Yesterday night, the registration deadline set by the Central Election Commission (KQZ) for the registration of political parties passed without any of the opposition parties registering themselves for the upcoming elections. Earlier in the day, the opposition had announced a coalition of the main parties PD and LSI, as well as their smaller allies PR, LZhK, PDIU, PBDNj, PAA, and PDK.
Following the Electoral Code, the elections of June 30 will now go forward with the registered parties, which include the PS, as well as former President Bamir Topi’s FRD, Top Channel director Ben Blushi’s LIBRA, and possibly the “new” opposition party announced by former PD member Astrit Patozi, Democratic Conviction (BD).

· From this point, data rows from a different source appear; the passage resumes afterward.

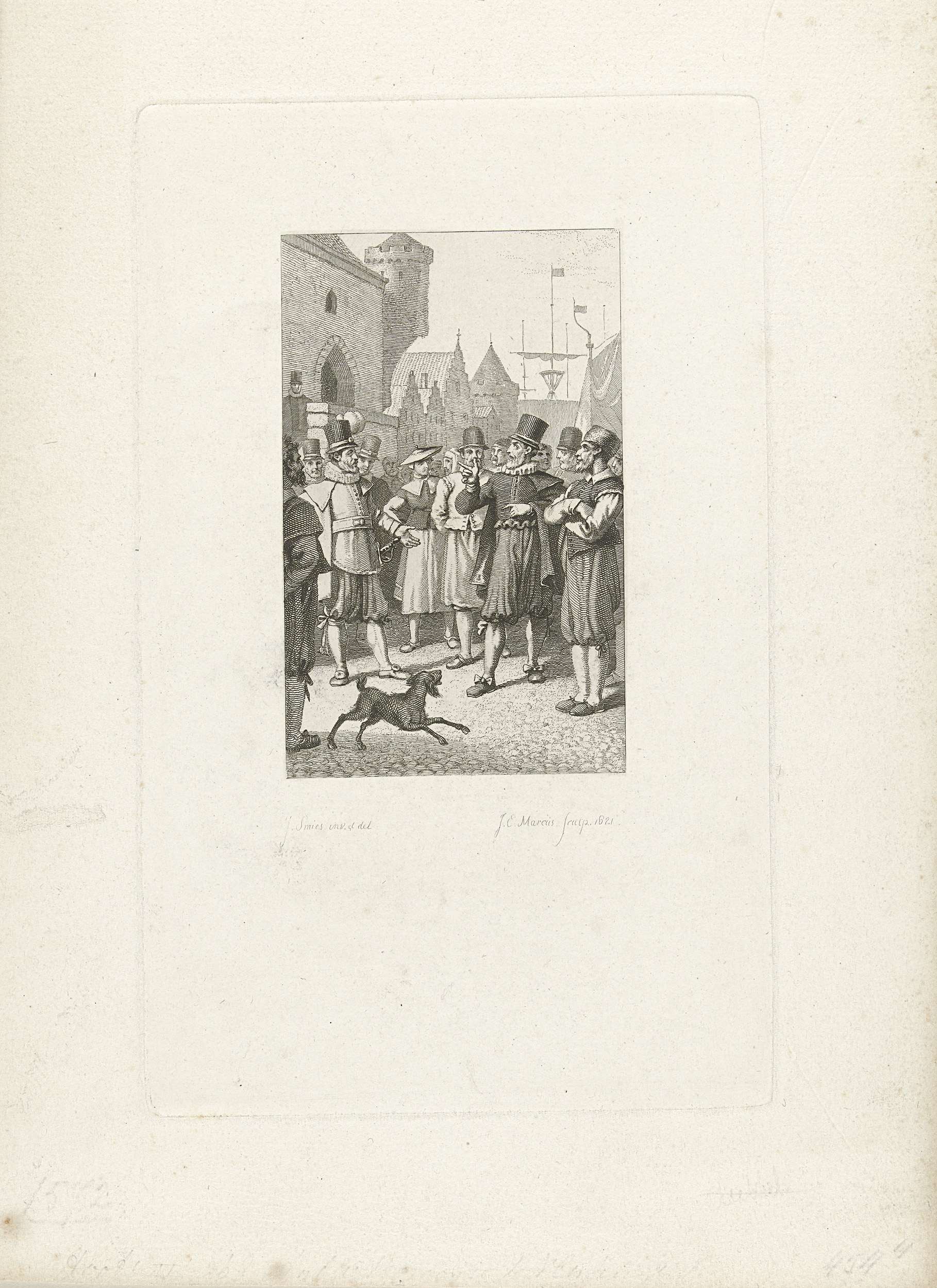 Ant. van Bourgondië te Vlissingen, 5 april 1572. Een aantal mannen in overleg met elkaar. Wellicht betreft het hier het verhaal over de weddenschap die een man aangaat om voor een paar kannen bier vanaf de wallen van de stad een kanon op de Spaanse vloot af te schieten.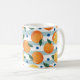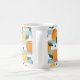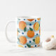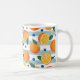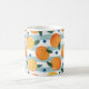 Orangen auf gestreiftem Hintergrund, Sommermuster. Kaffeetasse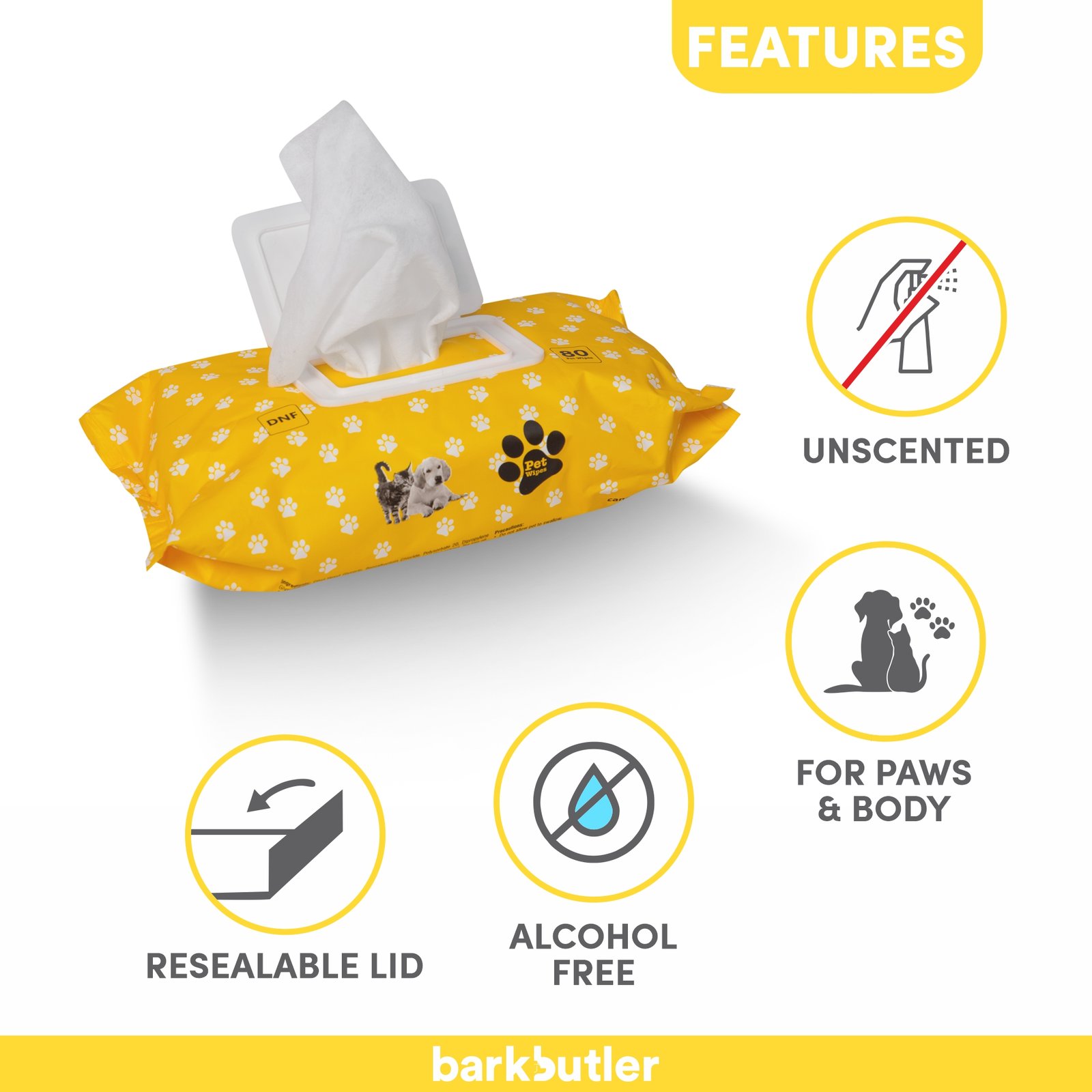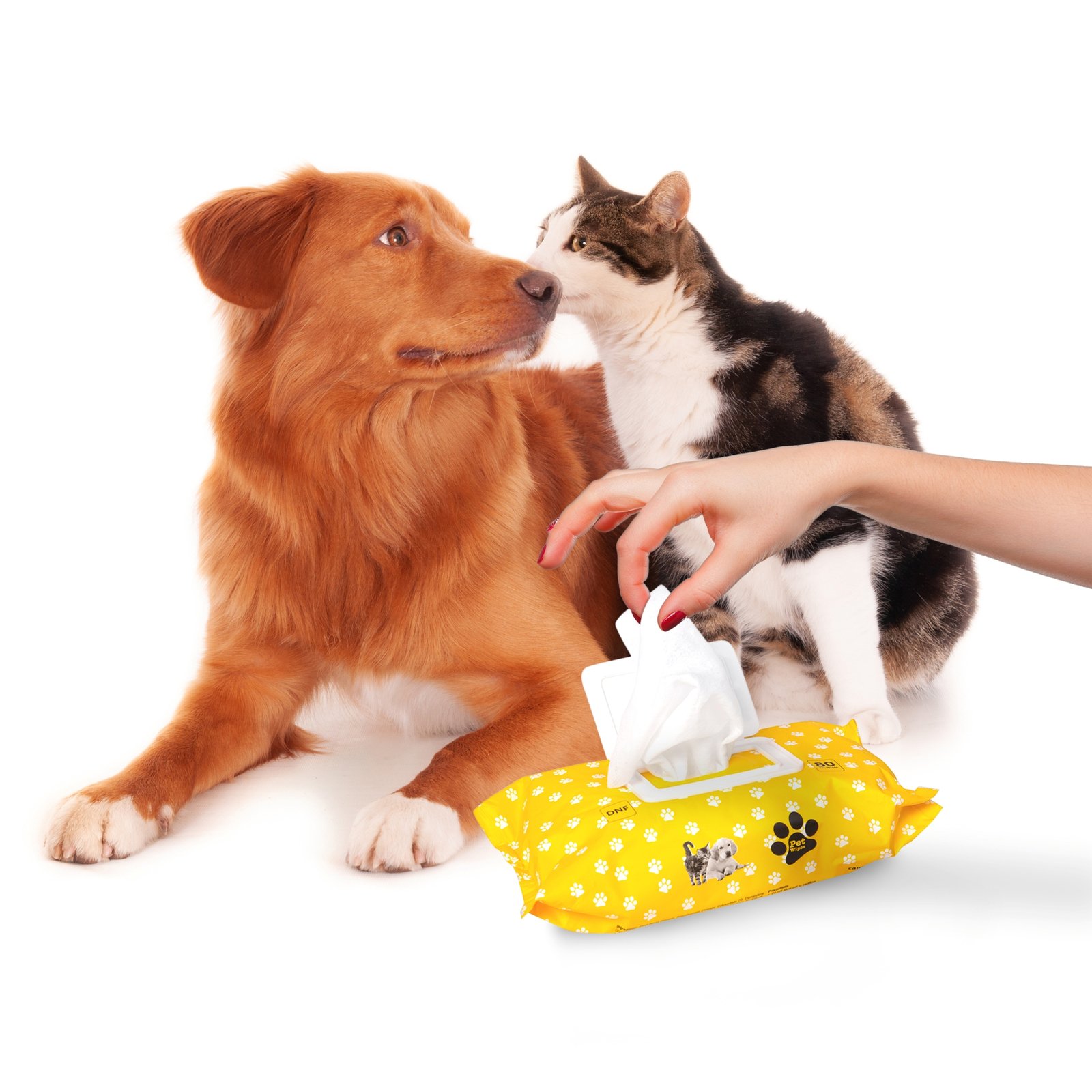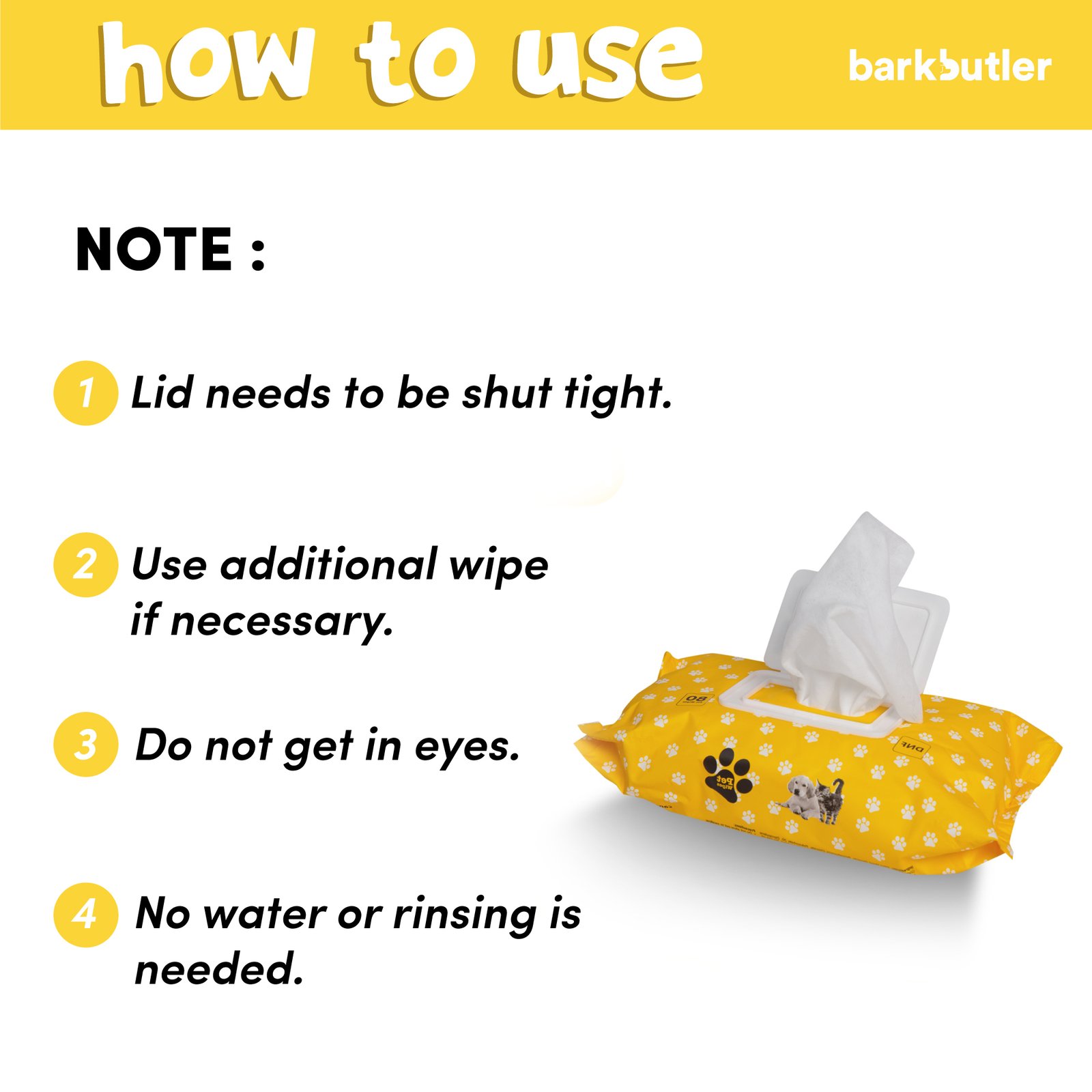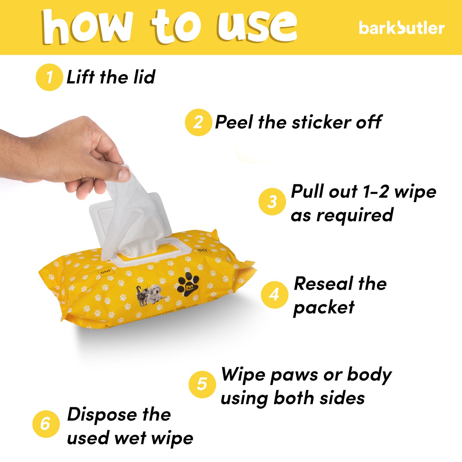 These pet wipes are appropriate for all pets of all sizes. Each Pet wipe measures at 20 cm x 17 cm. It is used as a disinfectant to keep paws, body & face clean, no water or rinsing required. Manufactured in an FDA approved facility, Alcohol-free & unscented, making it safe by keeping harsh & unnecessary chemicals away for your pet.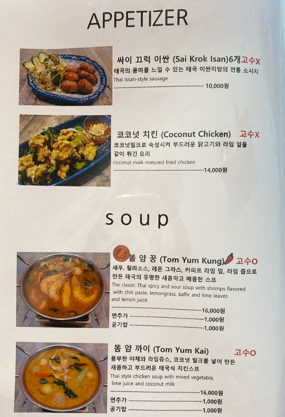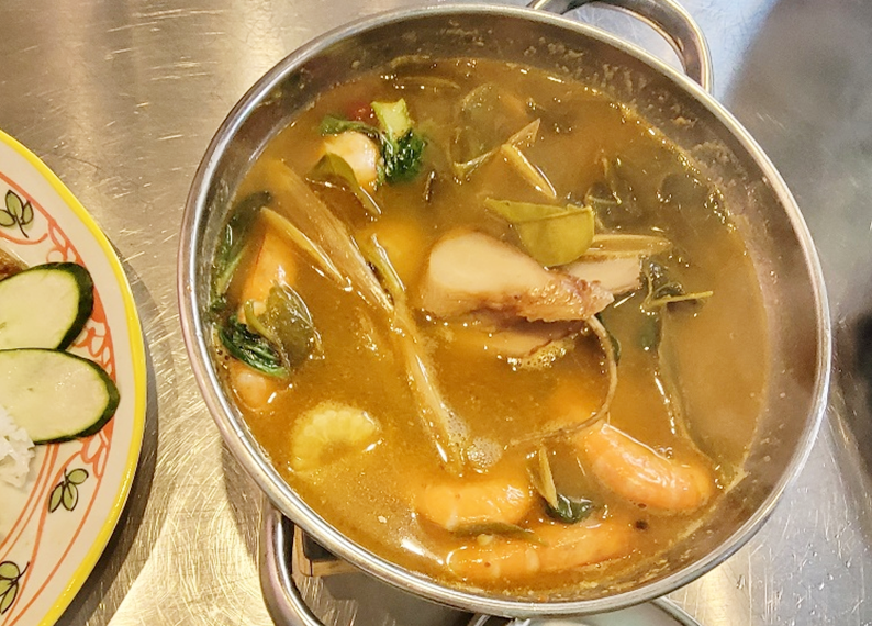 똠양꿍은 태국을 대표하는 스프인데, 많은 분들이 좋아하죠. 매콤한 국물이 매력적인데요. 시큼한 맛이 나는 이유는 레몬즙을 넣기 때문이라고 해요. 국이나 찌게에서 시큼한 맛이? 라고 생각할 수 있겠지만, 사실 우리나라의 김치찌게도 매콤하면서도 익은 김치의 시큼한 맛이 납니다. 똠양꿍은 해산물에 레몬즙, 레몬그라스, 고수, 생강 등의 향신료가 많이 들어가서 처음에는 낯설게 느끼신는 분들도 계시지만, 먹다보면 그 매력이 느껴집니다.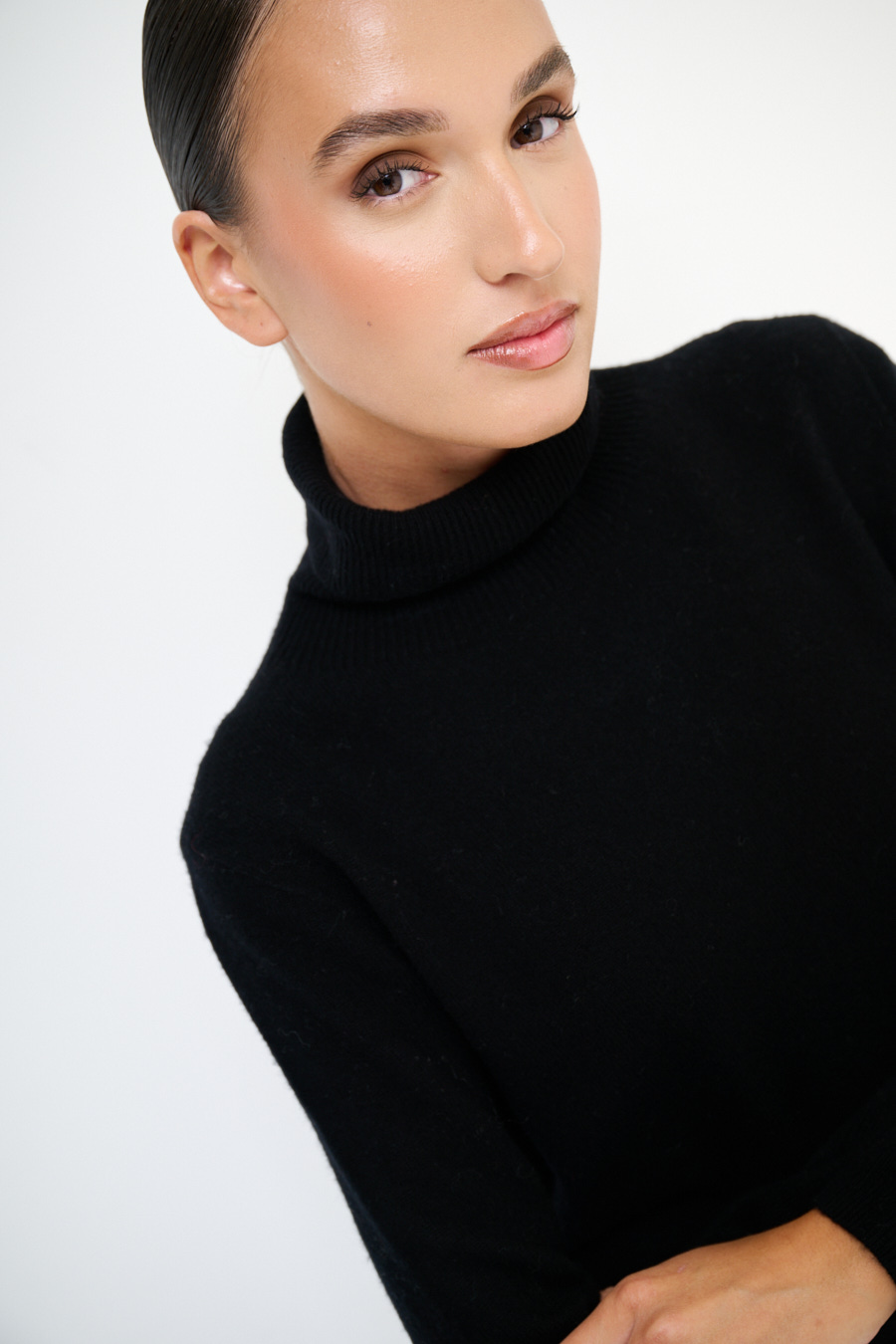 MAGLIA COLLO ALTO MISTO CACHEMIRE NERO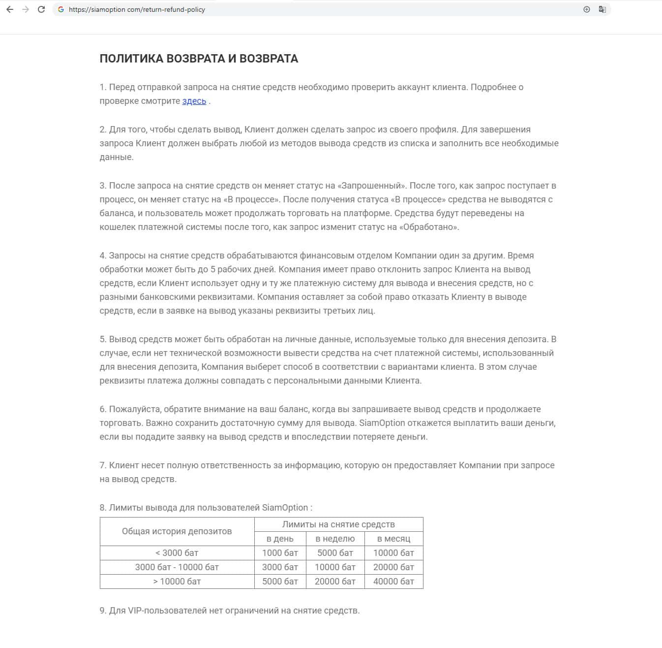 Лохотронщики Сиам Опцион предоставили некую политику возврата средств, в которой рассказывают как выводят и возвращают средства. Но указанно, что компания может отказать в выводе средств, если вы будете переводить их не на свою карту, так компания может найти тысячи причин, что бы отказать клиентам в выводе их средств.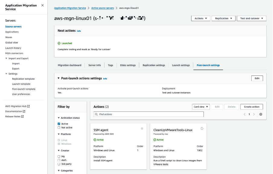 Esta solución aprovecha las post-launch actions (acciones posteriores al lanzamiento de la instancia EC2) del Servicio de Migración de Aplicaciones para instalar el agente de AWS Systems Manager (AWS SSM) en cada instancia de prueba (test instance) o de transición (cutover instanwice) lanzada. El agente de AWS SSM permite la ejecución de scripts personalizados, como la eliminación de las herramientas propietarias de VMware.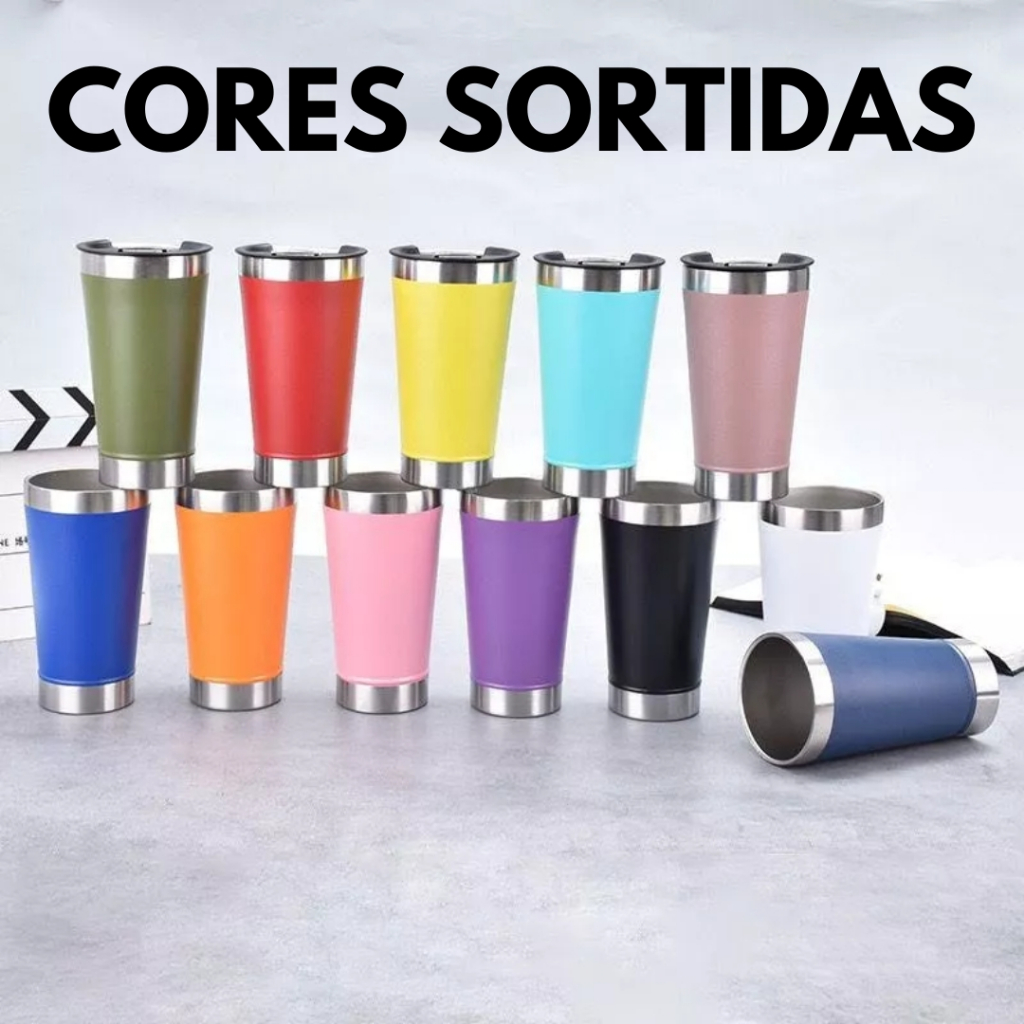 Kit 10 Copo Térmico 473ml Com Tampa e Abridor Copo Inox Atacado Carnaval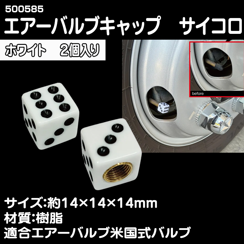 エアーバルブキャップ サイコロ 2個入り【ホワイト】 #500585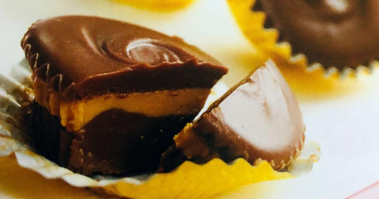 In a microwave or saucepan, heat peanut butter until melted. Spoon into cups. Top with remaining chocolate mixture. Refrigerate for 30 minutes or until firm.

Only a political agreement between the government and opposition can now avoid a scenario in which for the first time since 1991 the opposition fully boycotts the elections. In 2017, a last-minute agreement was struck between opposition and government after intense international pressure. This agreement, however, in the words of the OSCE-ODIHR report, “jeopardized the rule of law.”
“The implementation of the political agreement created challenges for the election administration and resulted in a selective and inconsistent application of the law. […] While the agreement contributed to a more inclusive electoral process and less polarized campaign, its implementation often jeopardized fundamental principles of the rule of law. […] While largely inclusive, the candidate registration process suffered from selective and inconsistent application of the law and was, at times, based on the political agreement rather than the law. […]
However, the 18 May political agreement was given legal effect at the expense of the rule of law […]. All amendments were voted on in one day, contrary to the constitutionally-prescribed legislative procedure. At odds with OSCE commitments and Council of Europe standards, the process lacked transparency and consultation with stakeholders, while the late timing created significant difficulties in the implementation of key aspects of the election administration. Last minute legislative changes challenged legal certainty and undermined consistency of the legal framework as some of the new provisions were not harmonized with the Electoral Code.”
This will be the same lawless territory we are entering once again, two years later, with international actors weary of direct intervention as the EU Parliamentary Elections approach. Nevertheless, EU Ambassador Luigi Soreca has already scheduled a meeting tomorrow with the leaders of the opposition.